Our third finding was that the lower the BMI, the lower the likelihood of using the Internet or games. This result indicates that obese middle school students are more likely to use the Internet or games than underweight ones. Supporting this, Canan et al. [39] examined the association between BMI and Internet addiction among Turkish adolescents and found a positive correlation. Meanwhile, Mitchell et al. [40] explored the association between screen time and BMI among adolescents. They found that a longer screen time is associated with increased BMI. These results are partially consistent with our results. These insights can be used to explain the relationship between sedentary behavior and obesity among adolescents. For instance, Stamatakis et al. [41] found that adolescents’ TV viewing duration is highly correlated with their BMI and waist circumference. This correlation highlights the broader implications of a sedentary lifestyle, which is associated with various adverse health effects, including elevated all-cause mortality; CVD mortality; cancer risk; risks for metabolic diseases such as DM, HTN, and dyslipidemia; and musculoskeletal diseases such as knee pain and osteoporosis [42]. In summary, obese adolescents are adopting sedentary behaviors. This sedentary behavior is more likely to lead to internet use, TV watching, and game participation than physical activity, which can lead to health problems such as cancer and metabolic diseases. Overall, these findings suggest that the use of the Internet or games is higher among obese students than among underweight students, which can negatively impact their health.

4.2. Practical Implications

As stated earlier, the 2020 WHO recommends that adolescents engage in an average of 60 min of moderate-to-vigorous physical activity daily [3]. However, studies have shown that the participation of adolescents in moderate-intensity physical activity decreases with age [4,8,9]. Meanwhile, our results show that 28% of adolescents do not participate in moderate-intensity physical activity even once a week, and 32% participate only once or twice a week. This decline in physical activity is concerning, as it indicates a gradual progression toward obesity [43]. Consequently, policies and efforts are required to encourage moderate-intensity physical activity among Korean adolescents [44]. Furthermore, it is necessary to move away from traditional methods of physical education and develop engaging physical activity programs.
School sports in Korea tend to include only familiar ball sports, such as soccer, basketball, and volleyball. This emphasis has led to criticism that physical education classes are limited to modern sports [45]. This repetition of modern sports can lead to boredom and fatigue among students and reduce their motivation to participate [46]. Therefore, programs must be developed for different sports to encourage adolescents to participate in physical activities, as positive experiences with diverse physical activities can lead to lifelong sports participation. In other words, outdoor sports should be considered a viable solution to the problem of traditional physical education methods, which could otherwise lead to a crisis in the field.
Jeon et al. [47] surveyed Korean teenagers about their desired activities and found that they prefer sports activities that involve nature, such as camping, hiking, swimming, and surfing. With the introduction of outdoor sports into South Korea’s recently revised 2022 physical education curriculum, physical education teachers should consider outdoor sports when designing physical education programs. Outdoor sports often involve group participation and provide opportunities for personal and social development through challenges, exploration, group problem-solving, and social interaction.

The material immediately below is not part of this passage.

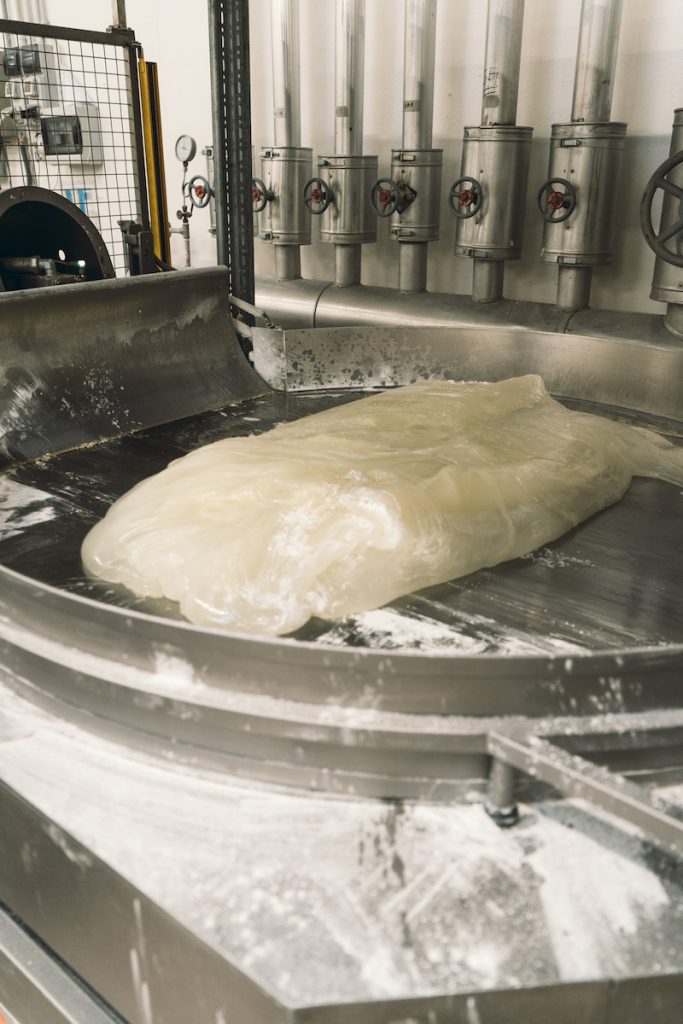 Ma naturalmente alla Fabbrica Leone non creano solo le pastiglie. Abbiamo avuto la fortuna di osservare la creazione delle classiche caramelle al limone, divertentissima e meravigliosa. L’impasto di zucchero, oli essenziali e vera e propria frutta viene impastato a caldo fino ad ottenere uno slimer coloratissimo che viene prima raffreddato, poi colato ed estruso a forma di tubo, infine elaborato in formato in caramella. Un prodotto 100% naturale e vegetale, senza coloranti e senza glutine.
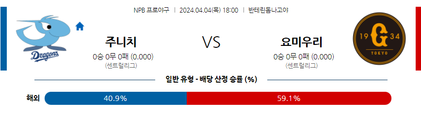 [킹콩티비] 주니치 요미우리 분석 4월4일 NPB 스포츠중계

Furthermore, they provide the opportunity to escape from everyday life and form new relationships with people outside their school friends [48]. Therefore, outdoor sports may strengthen adolescents’ well-being, self-efficacy, individual empowerment, resilience, and social connectedness [48,49]. These sports may also increase adolescents’ participation in physical activities by making them break away from repetitive ball games and increasing their overall interest and participation in physical activities.

4.3. Limitations

This study has some limitations. First, BMI values do not take into account an individual’s muscle mass. Consequently, individuals with a high muscle mass may be categorized as overweight or obese, even if they have relatively low body fat. Additionally, adolescents with a high muscle mass and low body fat may have a high BMI but still be in a healthy state. This study may have overlooked such students. Second, this study was conducted as a secondary study and, thus, had limitations in explaining temporal antecedents or causation. Out of the 87,183 elementary, middle, and high school students who participated in the 2023 Korean Student Health Examination, we only used data from 23,583 middle school students. Moreover, the use of fragmentary inputs of BMI, weekly participation in moderate-intensity physical activity, breakfast intake, and Internet or gaming use restricts our ability to establish causality between variables. Third, the data used in this study were self-reported and not scientifically measured. Particularly, the frequency of moderate-intensity physical activity, fast food intake days, and amount of sleep were self-reported.

5. Conclusions

Twenty-eight percent of middle school students do not participate in moderate-intensity physical activity even once a week, and thirty-two percent participate only once or twice a week. Furthermore, the higher the BMI, the more likely middle school students are to participate in moderate-intensity physical activity. These results appear to be influenced by factors such as genetics, socio-statistical characteristics, individual life patterns, and persistence in physical activity. The higher the BMI, the more likely middle school students are to use the Internet or games. Overweight and obese adolescents are more likely to play games, use the Internet, and watch TV because they are sedentary, which negatively impacts their health. It is important to keep overweight and obese adolescents out of a sedentary lifestyle to protect their health. In contrast, the lower the BMI, the more likely middle school students are to consume breakfast. Overweight and obese adolescents should be encouraged to eat a regular breakfast, as they are more likely to gain weight by eating high-calorie foods instead of breakfast. These results highlight the need to deviate from traditional methods of physical education and develop unconventional and engaging physical activity programs that encourage Korean middle school students to participate in moderate-intensity physical activities. Outdoor sports may increase adolescents’ participation in physical activities by helping them break away from repetitive ball games and increasing their overall interest and participation in physical activities.

Author Contributions

Conceptualization, J.K. and S.-Y.R.; methodology, J.K. and D.K.; formal analysis, S.-Y.R. and D.K.; data curation, J.K. and S.-Y.R.; writing—original draft preparation, J.K., S.-Y.R. and D.K.; writing—review and editing, J.K., S.-Y.R. and D.K.; visualization, J.K. and S.-Y.R.; supervision, J.K. and D.K.; project administration, S.-Y.R. and D.K. All authors have read and agreed to the published version of the manuscript.

Funding

This research received no external funding.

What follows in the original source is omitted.